### Assigned task
The answer must be only the lines below from the one holding "Composition of luxurious" down to the one holding "A gaming dashboard", ends included, printed exactly; please omit all pictures.

### Data shown
==*==
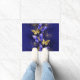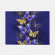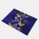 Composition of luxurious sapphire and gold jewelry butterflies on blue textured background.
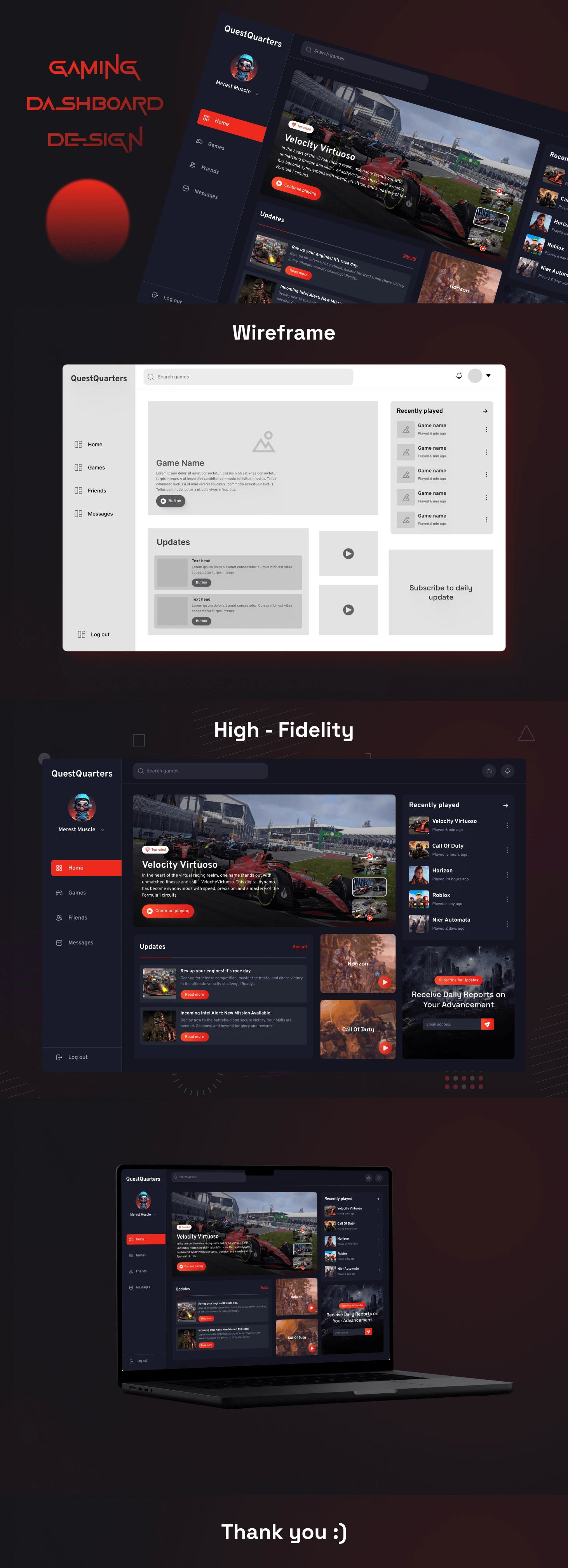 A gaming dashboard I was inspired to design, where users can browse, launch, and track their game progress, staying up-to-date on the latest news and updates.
==*==
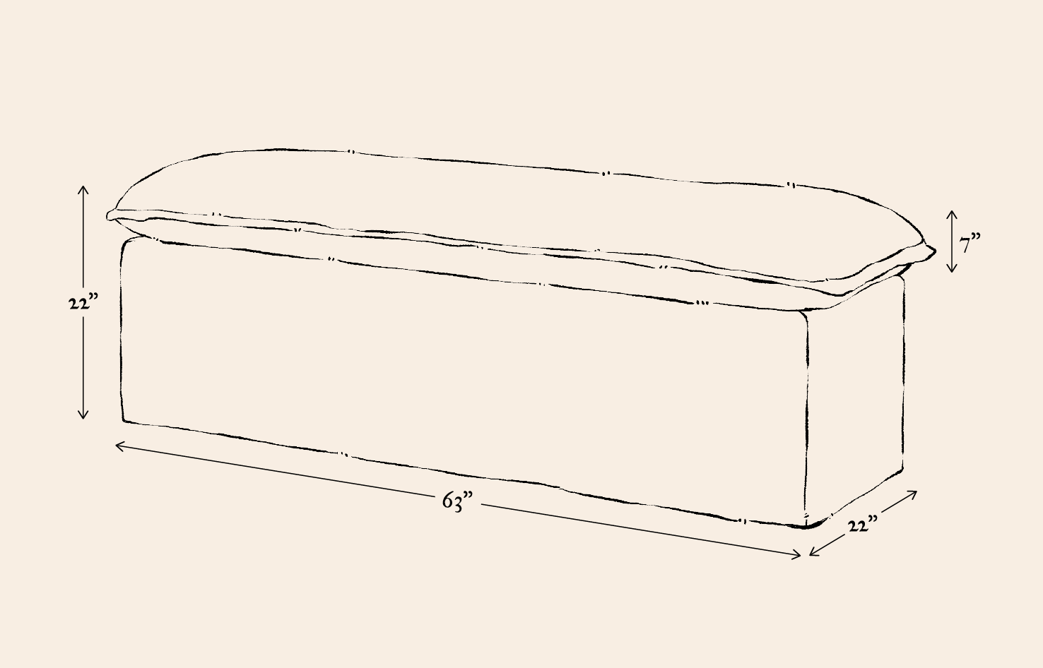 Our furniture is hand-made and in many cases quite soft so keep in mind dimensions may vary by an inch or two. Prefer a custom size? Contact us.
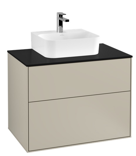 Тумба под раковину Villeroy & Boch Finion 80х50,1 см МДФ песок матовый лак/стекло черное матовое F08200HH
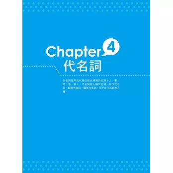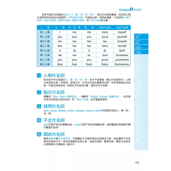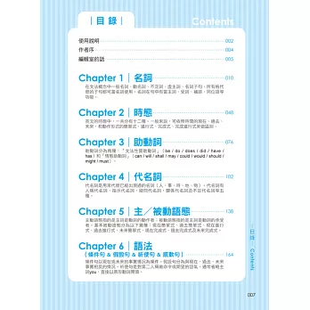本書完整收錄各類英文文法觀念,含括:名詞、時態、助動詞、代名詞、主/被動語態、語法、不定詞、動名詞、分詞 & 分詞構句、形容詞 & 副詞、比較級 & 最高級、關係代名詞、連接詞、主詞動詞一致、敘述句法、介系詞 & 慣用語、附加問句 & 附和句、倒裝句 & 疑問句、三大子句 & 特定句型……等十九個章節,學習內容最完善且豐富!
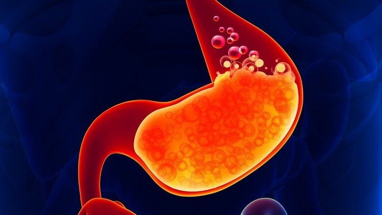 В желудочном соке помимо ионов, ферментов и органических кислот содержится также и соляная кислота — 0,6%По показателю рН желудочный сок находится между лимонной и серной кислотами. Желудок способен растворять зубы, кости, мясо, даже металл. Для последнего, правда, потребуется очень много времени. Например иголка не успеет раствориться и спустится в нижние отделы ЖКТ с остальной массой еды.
==*==
### Answer area
 Composition of luxurious sapphire and gold jewelry butterflies on blue textured background.
 A gaming dashboard I was inspired to design, where users can browse, launch, and track their game progress, staying up-to-date on the latest news and updates.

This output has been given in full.